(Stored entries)
=== Section Start ===

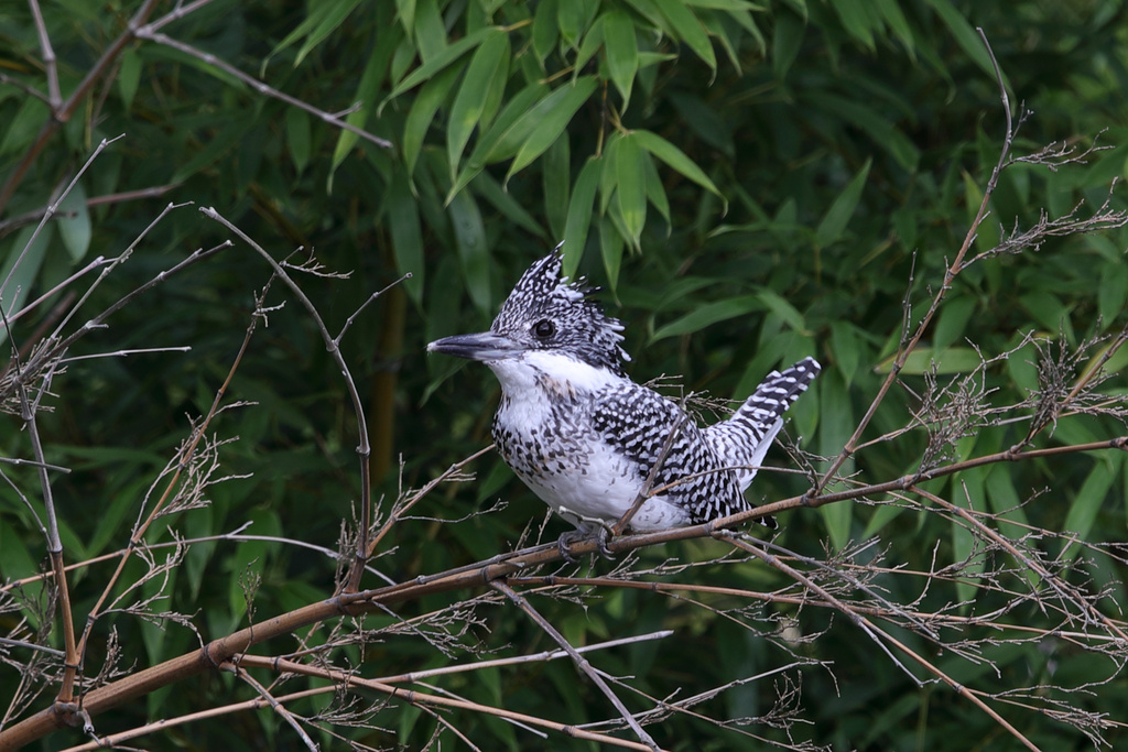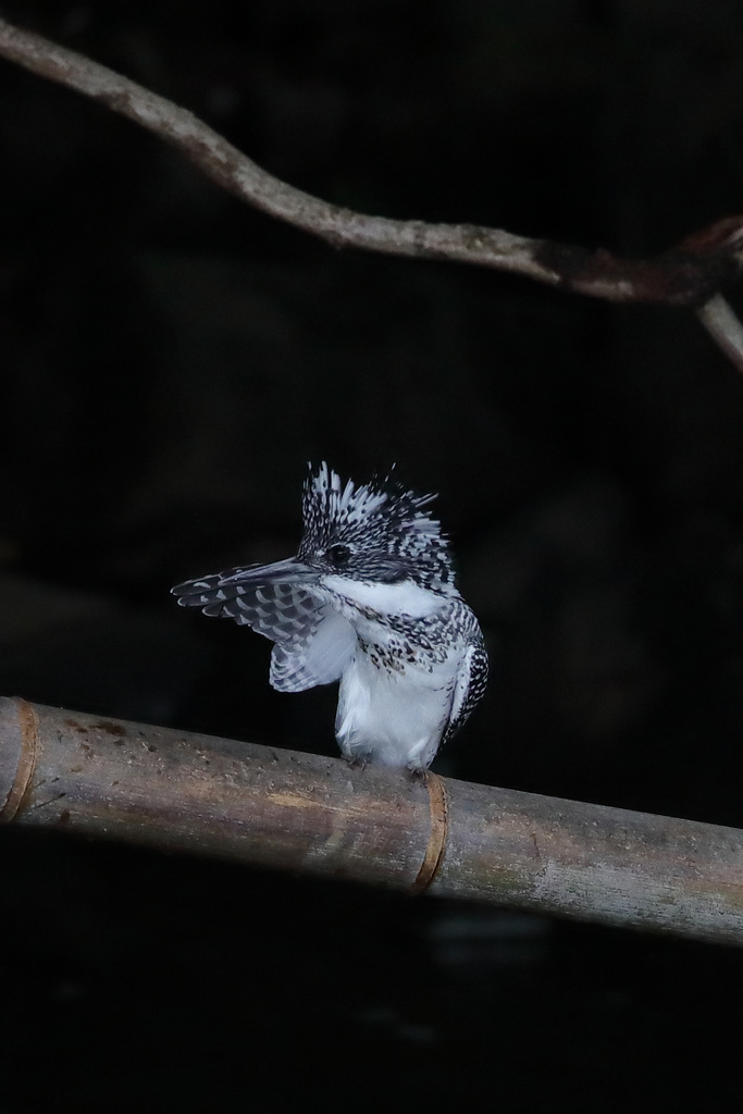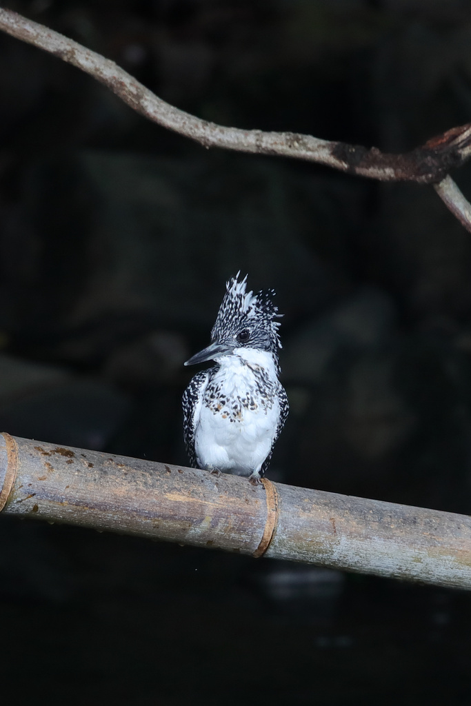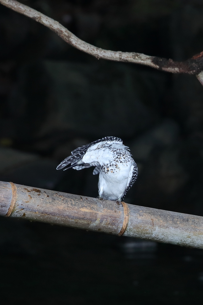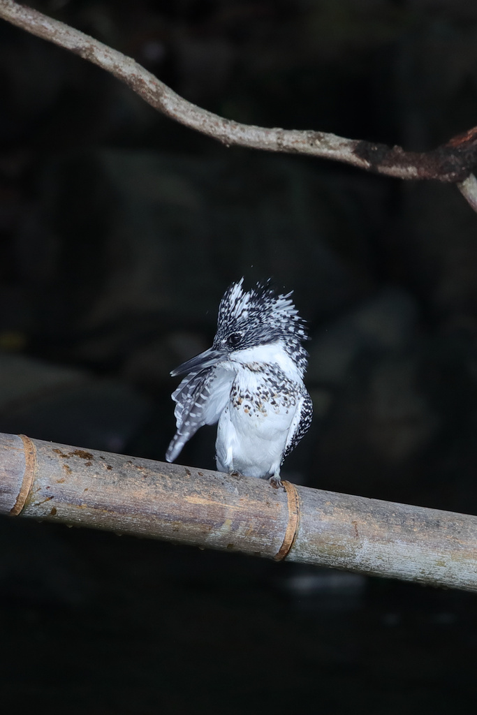 途中、釣り人が荒らしに来たのでダメかなと思っていましたが待ち続けること1時間以上、とうとうヤマセミが待ち構えていた目の前の枝に止まってくれました。
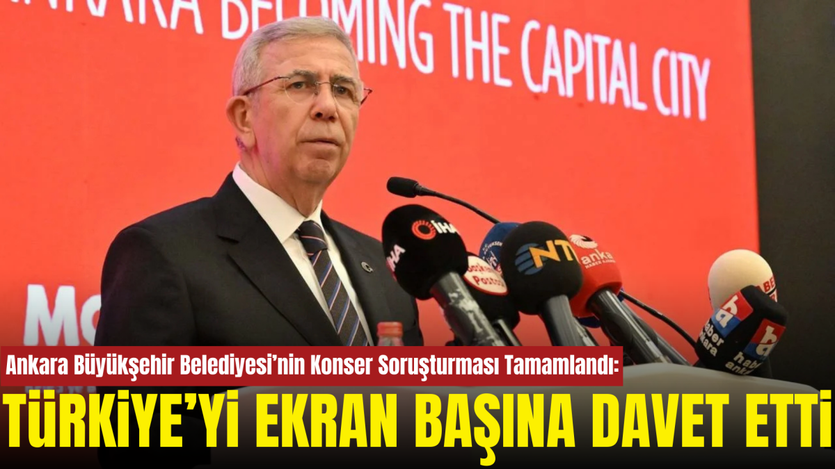 Mansur Yavaş, Ankara Büyükşehir'in on milyonlarca liralık konserler düzenlediği iddiasına ilişkin soruşturmanın tamamlandığını duyurdu. Yavaş, "BütünTürkiye'nin de izlemesini isterim açıkçası. Canlı yayınlıyoruz, her şeyde olduğu gibi. Bir görsünler bakalım, hesap kitap neymiş" dedi.
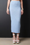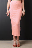 This maxi skirt features a hidden elasticized waistband, ribbed knit fabrication, stretchy fit and maxi-length hem. Accessories sold separately. Made in U.S.A. 95% Polyester, 5% Spandex.
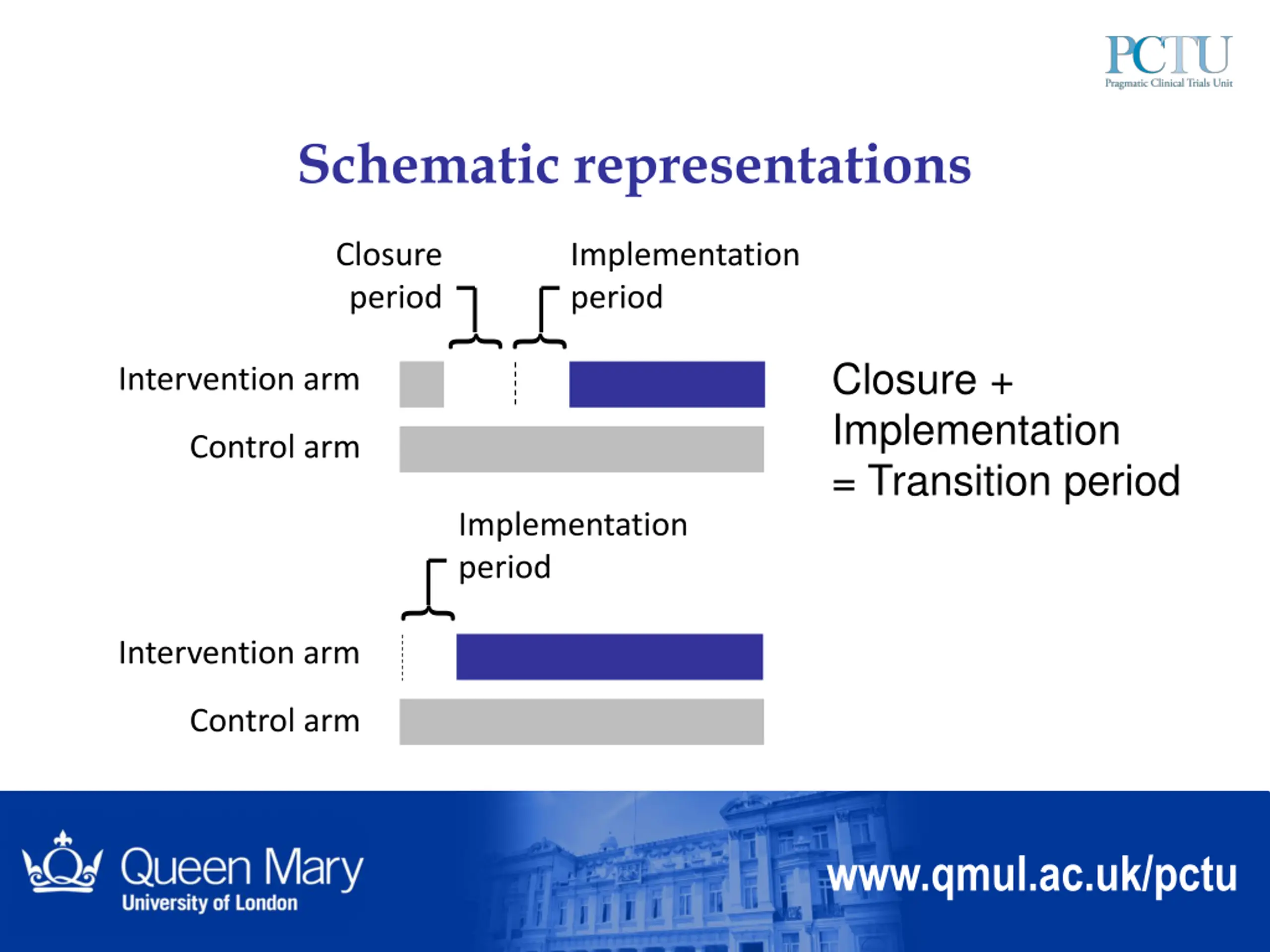 Schematic representations Closure period{ Implementation period { Closure + Implementation = Transition period Intervention arm Control arm Implementation period { Intervention arm Control arm www.qmul.ac.uk/pctu
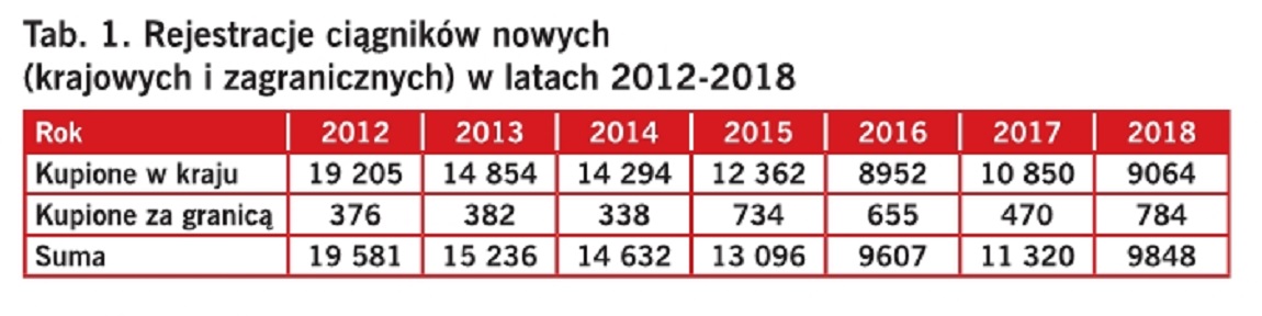 Poza wspomnianymi 9064 ciągnikami nowymi kupionymi w Polsce w 2017 r. – 784 zostało sprowadzonych jako nowe z zagranicy i również zarejestrowanych. To o 314 sztuk więcej niż w roku 2017. Udział tej formy zakupu w rynku nowych traktorów wyniósł prawie 8%. W sumie liczba wszystkich zarejestrowanych w 2017 r. w Polsce traktorów nowych wyniosła 9848 szt. (tab. 1).
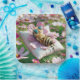 Una abeja de miel se relaja sobre una almohada hecha de pétalos, con elegantes gafas de sol entre un campo de flores florecientes
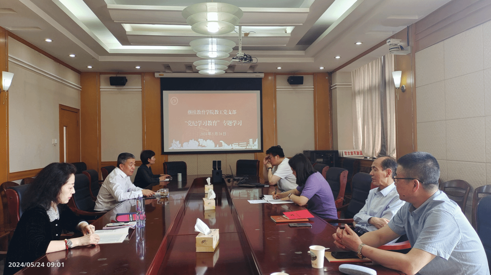 5月24日上午,在北校区图书馆301会议室,学院教工支部开展党纪学习教育专题学习。副经理、纪检委员夏金海主持,全体党员参加。
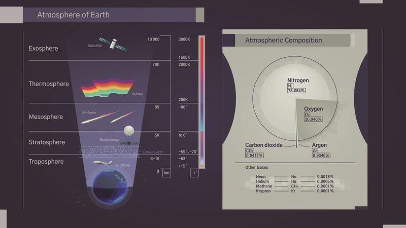 地球の大気構造、地球大気の層の図解(Andrii Pozdniakov/Getty Images)
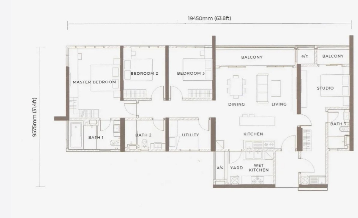 専有面積は約1,122~1,906平方フィートまでのバリエーションがあり、2+1ベッドルームから4+1ベッドルームまでの間取りが用意されています。特徴的なのは、1695平方フィートと1906平方フィートの「デュアルキー」タイプで、3+1ベッドルームに加えて独立したスタジオユニットが付く設計となっており、二世帯同居や一部賃貸運用にも対応可能です。各住戸には2台または3台分の駐車場が割り当てられています。

=== Section End ===

### Problem description
An exact copy of the lines from the one with "5月24日上午,在北校区图书" through the last line of the records, inclusive, is required, with all pictures left out.

### Solution for this problem
 5月24日上午,在北校区图书馆301会议室,学院教工支部开展党纪学习教育专题学习。副经理、纪检委员夏金海主持,全体党员参加。
 地球の大気構造、地球大気の層の図解(Andrii Pozdniakov/Getty Images)
 専有面積は約1,122~1,906平方フィートまでのバリエーションがあり、2+1ベッドルームから4+1ベッドルームまでの間取りが用意されています。特徴的なのは、1695平方フィートと1906平方フィートの「デュアルキー」タイプで、3+1ベッドルームに加えて独立したスタジオユニットが付く設計となっており、二世帯同居や一部賃貸運用にも対応可能です。各住戸には2台または3台分の駐車場が割り当てられています。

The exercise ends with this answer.